*DATA SHOWN*
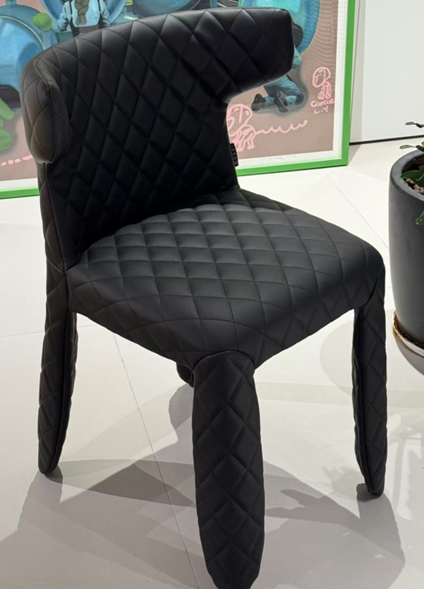 A soft, puffy and stylish chair as symbol of the eternal battle between opposite forces that take place in life and can be easily recognized inside ourselves, if we have the courage to open our eyes. Scary? Not at all! You forget all about the monster once you sit down and enjoy the chair’s comfort and softness. The signature version, the fearless leader of our Monster family, comes upholstered in Moooi Original Black Synthetic Leather with an embroidered face.
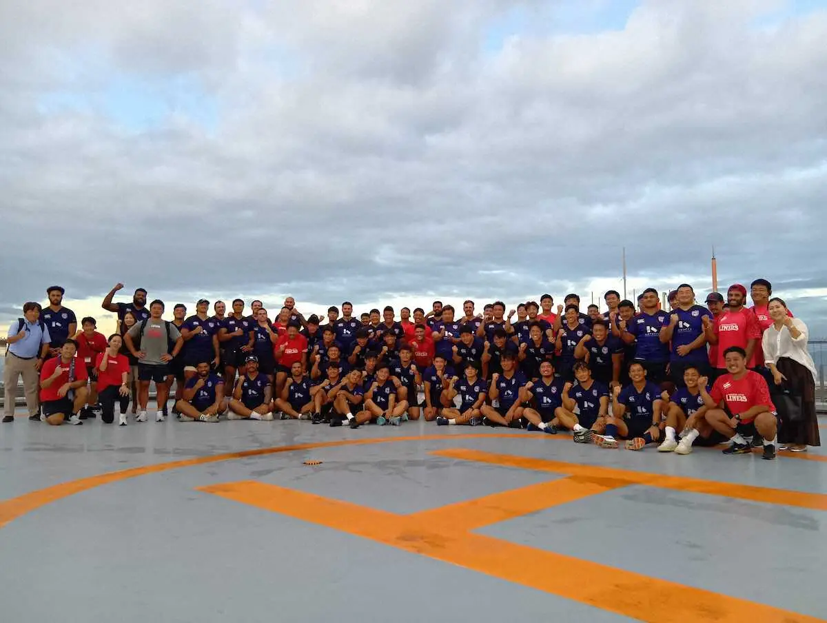 ラグビーリーグワン2部の花園近鉄ライナーズが26日、“あべののてっぺん”で1部昇格を誓った。選手やスタッフの結束力向上のため、チームビルディングを開催。「決起ウォークinあべのハルカス」と銘打たれた今回のイベントに約80人が参加し、絆と体力の強化を図った。
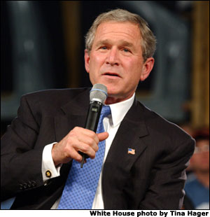 President Bush at forum yesterday in Greer, S.C. (White House photo) |

*WORK INSTRUCTION*
Starting at the line that contains "ラグビーリーグワン2部の花園", write out exactly each line through the last one in the listing above, leaving out the pictures and adding nothing else.

*ANSWER FOR THIS EXERCISE*
 ラグビーリーグワン2部の花園近鉄ライナーズが26日、“あべののてっぺん”で1部昇格を誓った。選手やスタッフの結束力向上のため、チームビルディングを開催。「決起ウォークinあべのハルカス」と銘打たれた今回のイベントに約80人が参加し、絆と体力の強化を図った。
 President Bush at forum yesterday in Greer, S.C. (White House photo) |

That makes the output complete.